La presunzione legale relativa in materia di esterovestizione

L’articolo 73, comma 5-bis, Tuir[13] stabilisce che, salvo prova contraria, si considera esistente nel territorio dello Stato la sede dell’amministrazione di società ed enti, che detengono partecipazioni di controllo (c.d. “controllo attivo” diretto)[14], ai sensi dell’articolo 2359, comma 1, cod. civ., nei soggetti di cui alle lettere a) e b) del comma 1, se, in alternativa:

  • sono controllati, anche indirettamente, ai sensi dell’articolo 2359, comma 1, cod. civ., da soggetti residenti nel territorio dello Stato (“cosiddetto controllo passivo”);
  • sono amministrati da un CdA, o altro organo equivalente di gestione, composto in prevalenza di consiglieri residenti nel territorio dello Stato.
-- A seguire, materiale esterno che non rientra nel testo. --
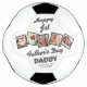 Cute new father soccer ball gift featuring a white background that can be changed to any colour to represent your football team, a photo collage of your baby, the saying "happy 1st father's day daddy", and the childs name.
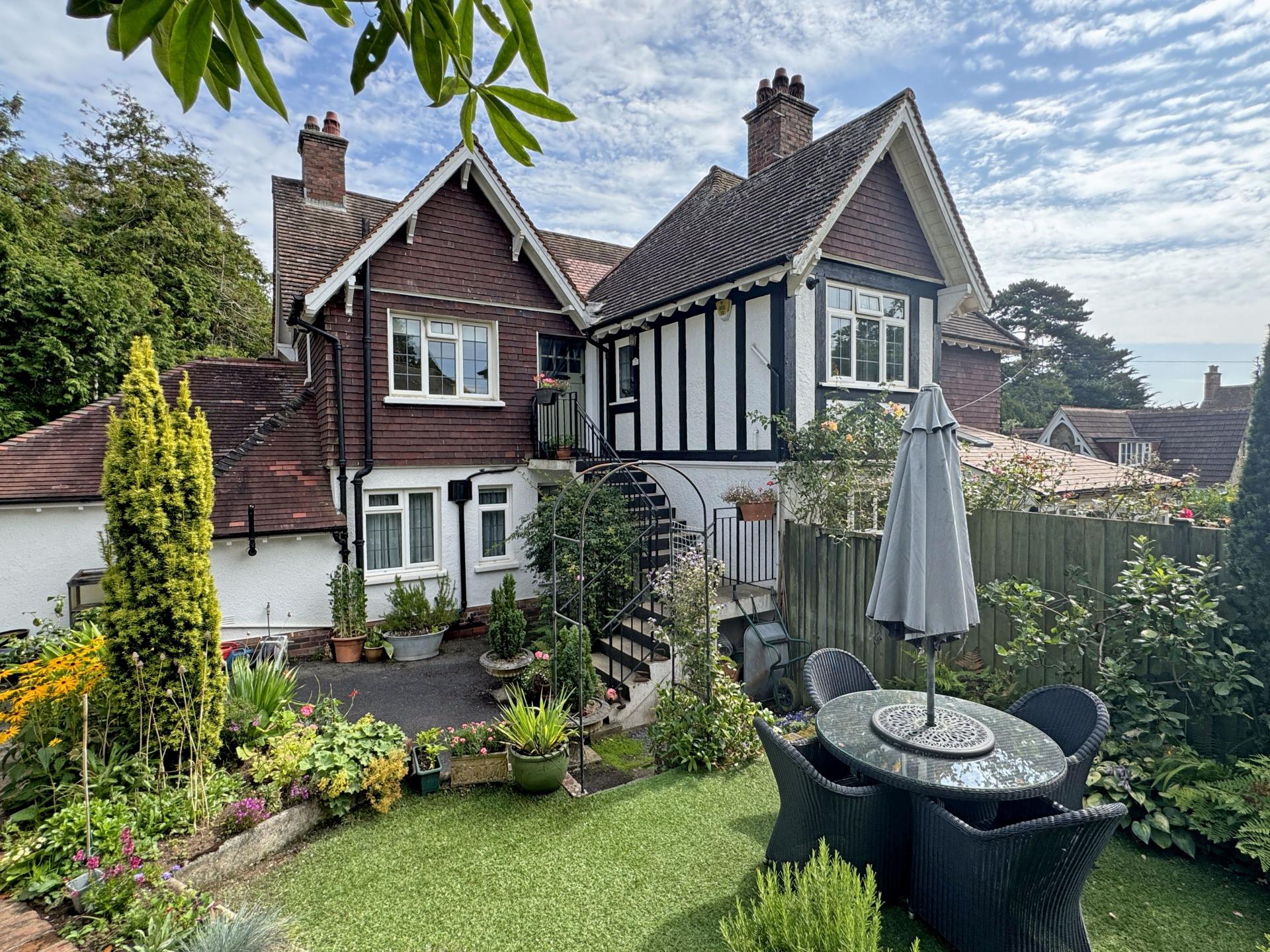 Merrion is a detached property which was converted some years ago into two self contained garden apartments with Flat 2 being on the first floor and having a small easy to manage area of garden that enjoys a south westerly aspect. Along side the area of garden is a single garage conveyed with this apartment.
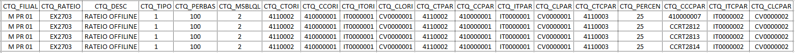CTQ_FILIAL;CTQ_RATEIO;CTQ_DESC;CTQ_TIPO;CTQ_PERBAS;CTQ_MSBLQL;CTQ_CTORI;CTQ_CCORI;CTQ_ITORI;CTQ_CLORI;CTQ_CTPAR;CTQ_CCPAR;CTQ_ITPAR;CTQ_CLPAR;CTQ_CTCPAR;CTQ_PERCEN;CTQ_CCCPAR;CTQ_ITCPAR;CTQ_CLCPAR M PR 01;EX2703;RATEIO OFFILINE;1;100;2;4110002;410000001;IT0000001;CV0000001;4110002;410000001;IT0000001;CV0000001;4110003;25;410000007;IT0000002;CV0000002 M PR 01;EX2703;RATEIO OFFILINE;1;100;2;4110002;410000001;IT0000001;CV0000001;4110002;410000001;IT0000001;CV0000001;4110003;25;CCRT2812;IT0000002;CV0000002 M PR 01;EX2703;RATEIO OFFILINE;1;100;2;4110002;410000001;IT0000001;CV0000001;4110002;410000001;IT0000001;CV0000001;4110003;25;CCRT2813;IT0000002;CV0000002 M PR 01;EX2703;RATEIO OFFILINE;1;100;2;4110002;410000001;IT0000001;CV0000001;4110002;410000001;IT0000001;CV0000001;4110003;25;CCRT2814;IT0000002;CV0000002
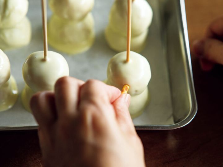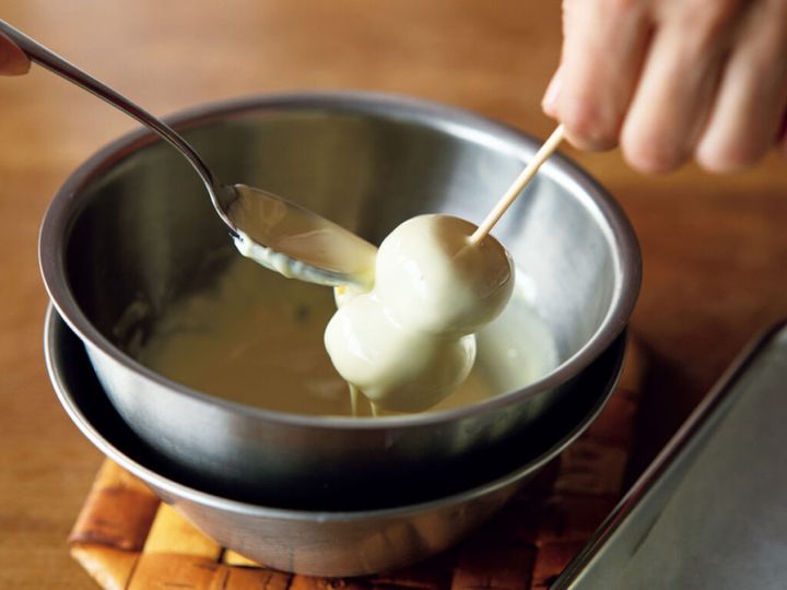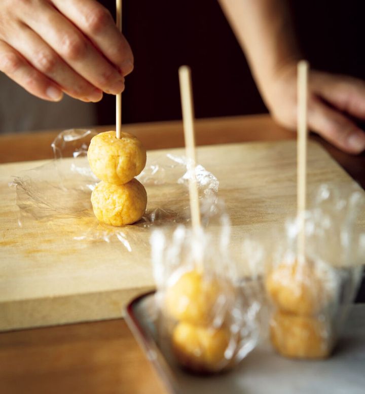 (3)生地を12等分(約20gずつ)にしてラップで包んで丸める。ラップを取り、表面にひびがあればなじませ、2個ずつ竹串に刺す。生地をかるく握って竹串と密着させてから、自立するよう指で形を整え、最後にグミをのせる頭の上も少し平らにする。それぞれラップでおおい、オーブン用シートを敷いたバットに並べ、冷蔵庫で30分以上冷やす。
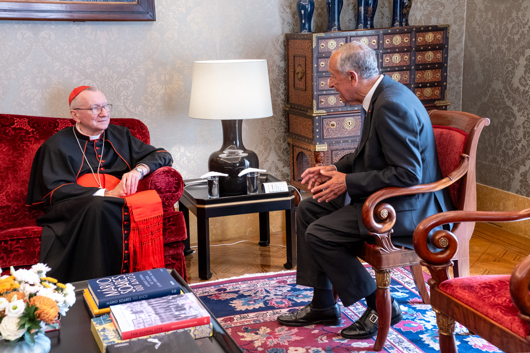 O Senhor Presidente e o Cardeal Parolin passaram em revista as relações bilaterais de excelência entre Portugal e a Santa Sé e trocaram pontos de vista sobre os principais assuntos da atualidade internacional.
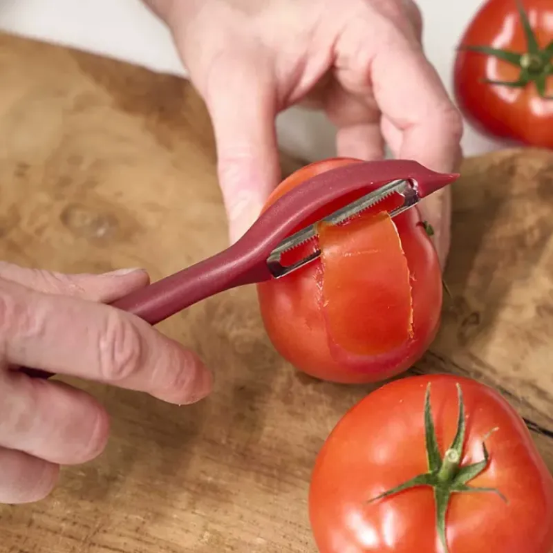 Grâce à sa lame en acier inoxydable à double denture pivotante, il permet d’éplucher rapidement et sans effort vos fruits et légumes à peaux fines et délicates, comme les tomates, poivrons, kiwis ou pêches.
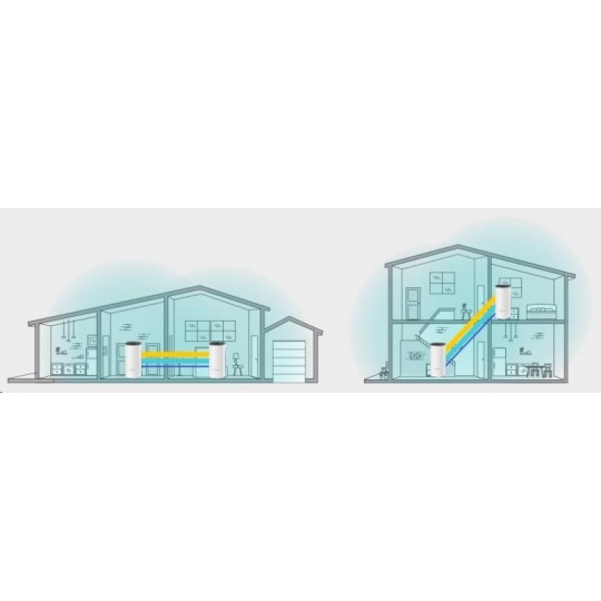 - Díky pokročilé Deco síťové technologii jednotky spolupracují na vytvoření jednotné sítě s jediným názvem sítě. Zařízení se automaticky přepíná mezi jednotkami Deco při vašem pohybu po domě pro dosažení nejvyšší možné rychlosti.
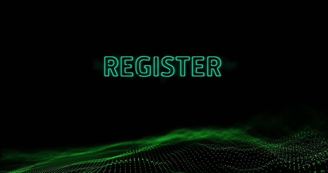 This animation features a glowing green 'Register' sign on a dark background with vibrant digital elements. Perfect for technology, communication, or online registration themes and can be used in websites, social media, or promotional materials focusing on digital services or events.

Un ulteriore meccanismo presuntivo è disciplinato dall’articolo 73, comma 3, Tuir, con lo scopo di attrarre a imposizione in Italia anche i trust istituiti in determinati Paesi o territori, allorquando sussistano, alternativamente, le seguenti condizioni:

  • residenza fiscale in Italia di almeno uno dei disponenti e almeno uno dei beneficiari;
  • attribuzione al trust che comporti il trasferimento di proprietà di beni immobili o la costituzione o il trasferimento di diritti reali immobiliari, anche per quote, nonché vincoli di destinazione sugli stessi, effettuata, successivamente alla costituzione del trust stesso, a opera di un soggetto residente in Italia.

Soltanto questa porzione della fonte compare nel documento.